Suppose I have the following table:
create table Section (
id integer not null primary key,
book_id integer not null foreign key references Book (id),
title varchar(100) not null,
page_start varchar(10) not null,
page_end varchar(10) not null
... remaining fields ...
)
Note that the starting page and ending page fields are varchars. This is so I can include page numbering from prefaces that are generally in Roman numerals.
My question is: what is an effective way of modifying this table and writing an app so that:
- I can correctly sort the sections by starting and ending page, ideally using SQL
- I can calculate the length of a section in number of pages
- I can determine whether a given page number (e.g. "xviii" or 475) is within a given section
Keeping in mind the following conditions/facts:
- I do not want users to have to enter any additional information.

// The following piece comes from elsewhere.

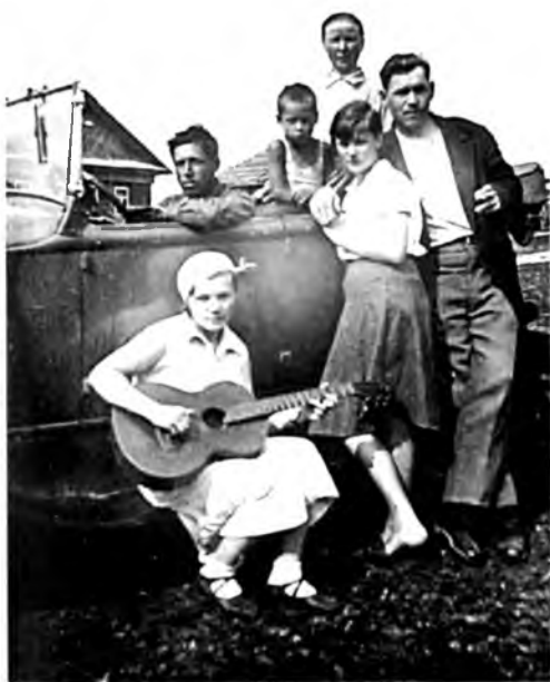
Поездка в Вологду (Высоково, 1934 г.)
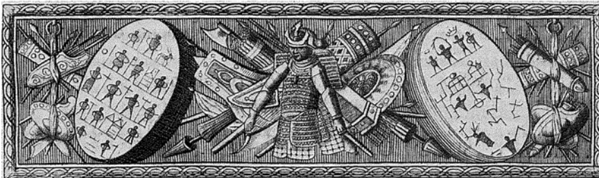
Figure 5 Les figures du tambour entrelacées dans la vignette d'ouverture ne sont pas aléatoires, mais sont principalement dessinées en fonction des objets spécifiques qui se trouvaient dans la collection

religion des Sámi ont été exposés dans des musées sámi, mais uniquement en tant que prêts de musées européens.

For example, they should not have to calculate the Arabic equivalent of the prefix and enter it in.
- Whatever rules might exist for the pre-numbering of books are followed exactly (so, for example, all page numbers will be entered in the correct Roman or Arabic formats)
- I can add any additional fields I need to, or even a separate table if necessary
- This is a web app, so I can do pre- or -post- processing on the data in the database before inserting or displaying the data
- Sections may be added or removed on-the-fly, so for example there might be one introduction section, and then another added later on. Pagination and sorting should remain correct for all sections in that book.
I may end up implementing this in a couple of different languages on different platforms, so code-agnostic pseudocode would be preferred.
Clarification
Because I'm dealing with many thousands of records, I can't just loop through all of them programmatically to do things like sorting. So some of the work needs to happen on the database end.
Using njk's idea of a lookup table, we have something like:
SELECT id, book_id, title, page_start, page_end,
COALESCE(RN_Lookup_End.value - RN_Lookup_Start.value + 1, CAST(page_end AS integer)-CAST(page_start AS integer) + 1) as number_of_pages
FROM
Section
LEFT JOIN RN_Lookup AS RN_Lookup_Start ON Section.page_start=RN_Lookup_Start.key
LEFT JOIN RN_Lookup AS RN_Lookup_End ON Section.page_end=RN_Lookup_End.key
ORDER BY
book_id,
CASE WHEN RN_Lookup_Start.value IS NOT NULL
THEN -1
ELSE 0
END, -- roman page numbers come before normal page numbers
COALESCE(RN_Lookup_Start.value, page_start), COALESCE(RN_Lookup_End.value, page_end)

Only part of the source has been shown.